[GHC] #8538: confusing specialization CORE warning, also can't mark type class instances INLINEABLE unless class defn is marked INLINEABLE

18 Nov 2013

      #8538: confusing specialization CORE warning, also  can't mark type class
instances INLINEABLE unless class defn is marked INLINEABLE
------------------------------------+-------------------------------------
       Reporter:  carter            |             Owner:
           Type:  bug               |            Status:  new
       Priority:  normal            |         Milestone:
      Component:  Compiler          |           Version:  7.6.3
       Keywords:                    |  Operating System:  Unknown/Multiple
   Architecture:  Unknown/Multiple  |   Type of failure:  None/Unknown
     Difficulty:  Unknown           |         Test Case:
     Blocked By:                    |          Blocking:
Related Tickets:                    |
------------------------------------+-------------------------------------
 As part of writing an array library for numerical purposes, I have a
 static sized strict list type for representing the Indexing tuple. One
 implementation strategy makes it a tad generic, and then I'm writing a
 bunch of manipulation utilities using Functor, Applicative and Foldable.

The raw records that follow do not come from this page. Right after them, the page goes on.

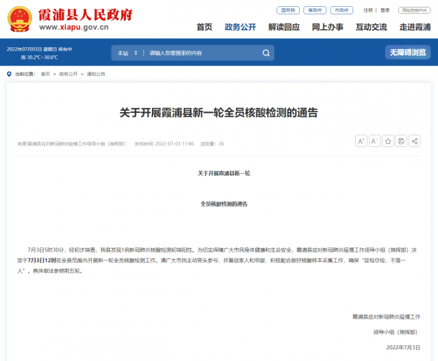 央視網(wǎng)消息:據(jù)霞浦縣人民政府網(wǎng)站消息,福建省寧德市霞浦縣應(yīng)對新冠肺炎疫情工作領(lǐng)導(dǎo)小組(指揮部)7月3日發(fā)布通報(bào), 7月3日5時(shí)30分,經(jīng)初步篩查,霞浦縣發(fā)現(xiàn)1例新冠肺炎核酸檢測初篩陽性。為切實(shí)保障廣大市民身體健康和生命安全,霞浦縣應(yīng)對新冠肺炎疫情工作領(lǐng)導(dǎo)小組(指揮部)決定于7月3日12時(shí)在全縣范圍內(nèi)開展新一輪全員核酸檢測工作。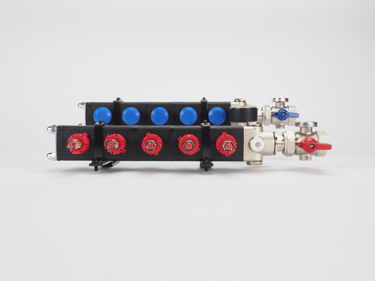 De losse elementen zijn vervaardigd van een met glasvezel versterkte polyamide, die zeer geschikt is voor hoge, maar ook lage temperaturen. De elementen hebben een dubbelwandige opbouw waardoor automatisch een isolatielaag wordt gevormd. Dit maakt deze verdeler uitermate geschikt voor verwarmen, maar ook voor koelen. Door deze isolatielaag ontstaat nagenoeg geen condensvorming op de collector. Deze verdeelunit wordt daarom veel toegepast in combinatie met een warmtepomp, die in de winter verwarmd en in de zomer koelt. Standaard is deze verdeler voorzien van 1” kogelkranen, een handmatige ontluchter en inregelbare flowmeters.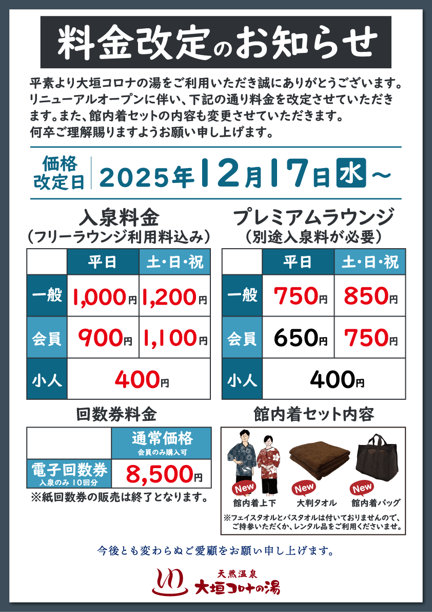 大垣コロナの湯 料金改定のお知らせ

 I wrote it with all the functions marked INLINABLE so i could ensure that
 I could have the index arith calculations SPECIALIZE in the common cases.

 Unfortunately, it seems like type class instances can only marked
 INLINABLE  if the type class definition is itself marked INLINE or
 INLINABLE. Considering i'm writing a numerical array library, I want to
 make sure that address arithmetic.

 This could could be argued to be by design (and thus a wont fix).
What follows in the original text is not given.